Future direction of the Company and use of the potential sale proceeds

 

The Board of directors of Bezant (the "Board") believes that granting the Option to Gold Fields represents the best means of realising value for Bezant's shareholders from the Mankayan Project in the relatively near term. Accordingly, the Board unanimously recommends that Bezant shareholders vote in favour of this transaction, in the absence of a superior proposal.

 

In the event that the Option is exercised and the sale and transfer of the issued shares in Asean is completed, the Company will continue to operate as a mineral exploration company and intends to retain a proportion of the net sale proceeds to fund the ongoing work programme and further development of its Eureka Project in Argentina, to investigate the potential acquisition of additional attractive mineral projects in the natural resources sector and for general working capital purposes. Subject to obtaining advice from its financial, legal and tax advisers, the Company ultimately intends to distribute the balance of the net sale proceeds that are surplus to its then short to medium term strategic objectives and funding requirements, to its Shareholders.

 

In the event that the Option is unconditionally granted but is not exercised and lapses or terminates, the Company intends to use the proceeds from the non-refundable Option Fee to fund the ongoing work programme and further development of its Eureka Project in Argentina and for general working capital purposes.

 

General Meeting

 

A Circular containing a formal notice of a General Meeting to be held at the offices of Joelson Wilson LLP, 30 Portland Place, London WIB 1LZ at 10.00 a.m. on 26 October 2011 is today being posted, together with a form of proxy, to those shareholders who have elected to receive hard copy shareholder communications from the Company and will shortly be made available to download from the Company's website at www.bezantresources.com.

 

Unless the context otherwise requires, defined terms used in this announcement shall have the meanings given to them in the Circular dated 5 October 2011.

 

Notes to editors:

 

Bezant is currently focussed primarily on the copper and gold mineral sector and its flagship project is its Mankayan copper/gold project situated in the Mankayan-Lepanto mining district of the Philippines, an area of established copper and gold mining.
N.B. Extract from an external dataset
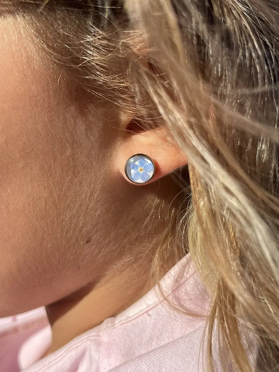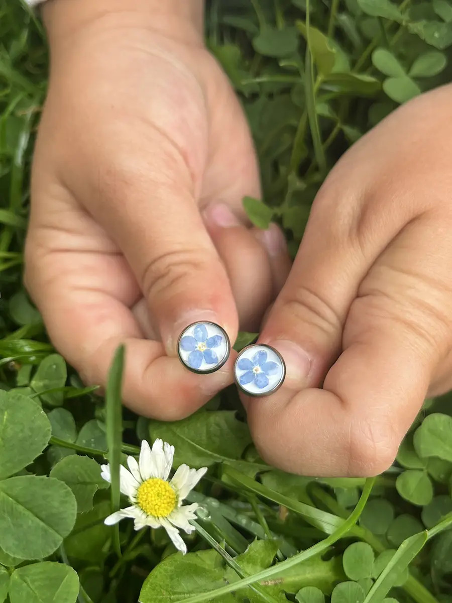 Puzety s květem Pomněnky – originální náušnice inspirované přírodou. Modré květy s jemným žlutým středem na světlém podkladu. Ideální jako dárek pro milovnice květinových motivů a jemných šperků. Pro svou menší velikost jsou vhodné pro malé slečny, ale i pro maminky.

The deposit is located approximately 240km north of Manila and 6km east of the copper/gold mine owned and operated by Lepanto Consolidated Mining Company. Since its discovery in the early 1970s, extensive drilling (more than 45,000 metres over 48 holes) and metallurgical work has been undertaken by Goldfields Asia Ltd, Pacific Falkon Resources Corp and others. Bezant currently has a JORC compliant mineral resource of 221.6 million tonnes Indicated and 36.2 million tonnes Inferred, grading at 0.49% for copper and 0.52g/t for gold, at a 0.4% copper cut-off. This equates to an Indicated Resource of 2.42 billion pounds (1.1 million tonnes) of copper and 3.7 million ounces of gold, with a further Inferred Resource of 0.44 billion pounds (0.2 million tonnes) of copper and 600,000 ounces of gold. In December 2010, the Company upgraded its independent Mankayan resource estimate to JORC Compliant Probable Ore Reserves of 189 million tonnes grading at 0.46% copper and 0.49g/t gold, resulting in total Recoverable Metal Reserves of 811,000 tonnes of copper and 2.21 million ounces of gold. A Total Mining Inventory Statement was also reported of approximately 400Mt of ore at an average grade of 0.38% copper and 0.42g/t gold.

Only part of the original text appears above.